MeaTech's 3.67 oz Bio-Printed Farmed Steak
MeaTech Stake: Image credit Shlomi Arbiv. Style credit Amit Farber

Alt protein also goes hand in hand with food safety. In light of global political instability and supply chain disruption, this could have a significant and positive impact on the UK food system. The war in Ukraine has highlighted the need for resilient and sustainable food supply chains.

“Farmed meat production is not dependent on the weather, which means it is protected from adverse climatic events.”

Once farmed meat production is more energy efficient, it offers a highly regulated and environmentally sustainable process of food production. Farmed meat production is also not dependent on the weather, meaning it is protected from adverse climatic events. The unifying goal of farmed meat and alternative proteins is to ensure a more sustainable future for all.

Engage with stakeholders

The UK has been named as a potential world leader in alternative protein regulation and development. However, implementation of Alt protein-specific funding and policy targets will be critical to make this happen.

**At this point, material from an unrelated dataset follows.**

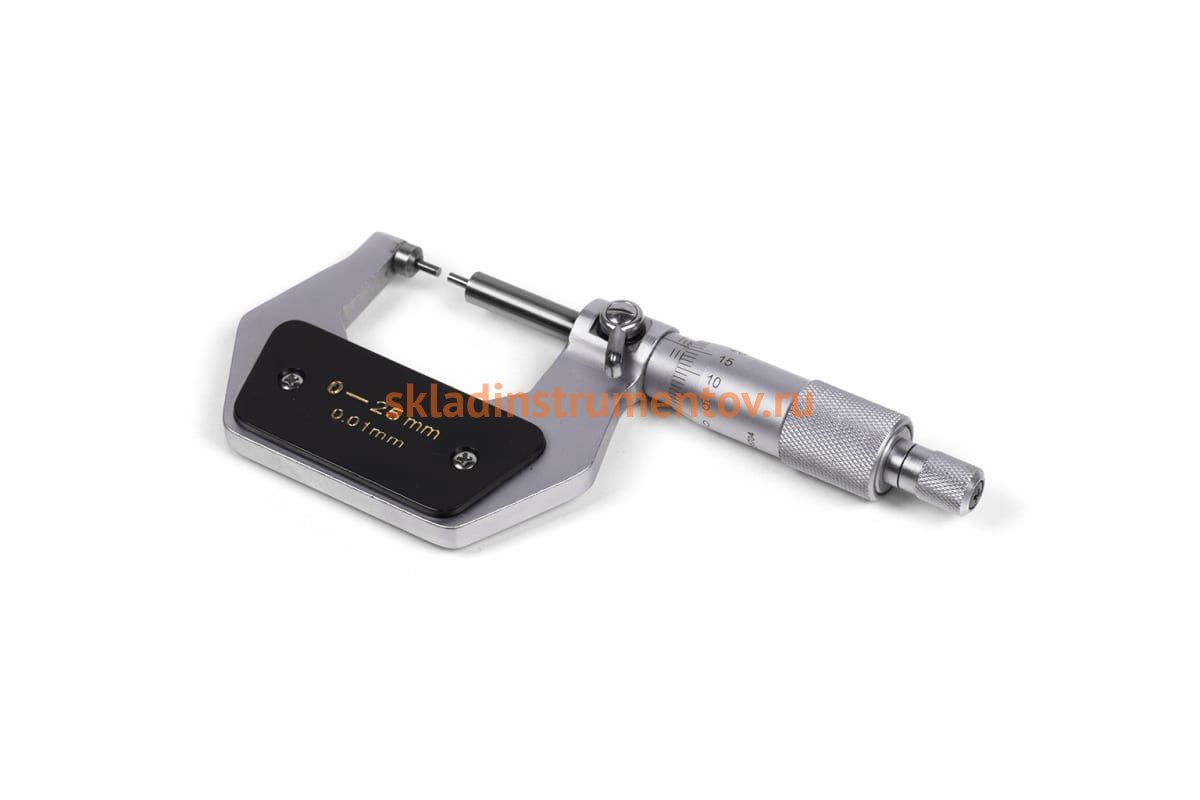 Микрометр с малыми измерительными губками 25 мм, 0.01 мм ЧИЗ МК-МП 51118 представляет собой классический измерительный инструмент высокой точности. С его помощью можно определять толщину материала. Погрешность составляет 0.002 мм.

The UK Government Food Strategy has allocated £120 million to invest alongside UKRI in alternative protein research. By funding and improving the regulatory framework, the government aims to support progress on a wide range of topics, including alternative proteins and gene editing.

It is undeniable that the future of food needs to be more sustainable. With political and technological tailwinds supporting the development of this space within the industry, it is hoped that the agri-food sector will be equipped to deal with geopolitical challenges more efficiently and safely.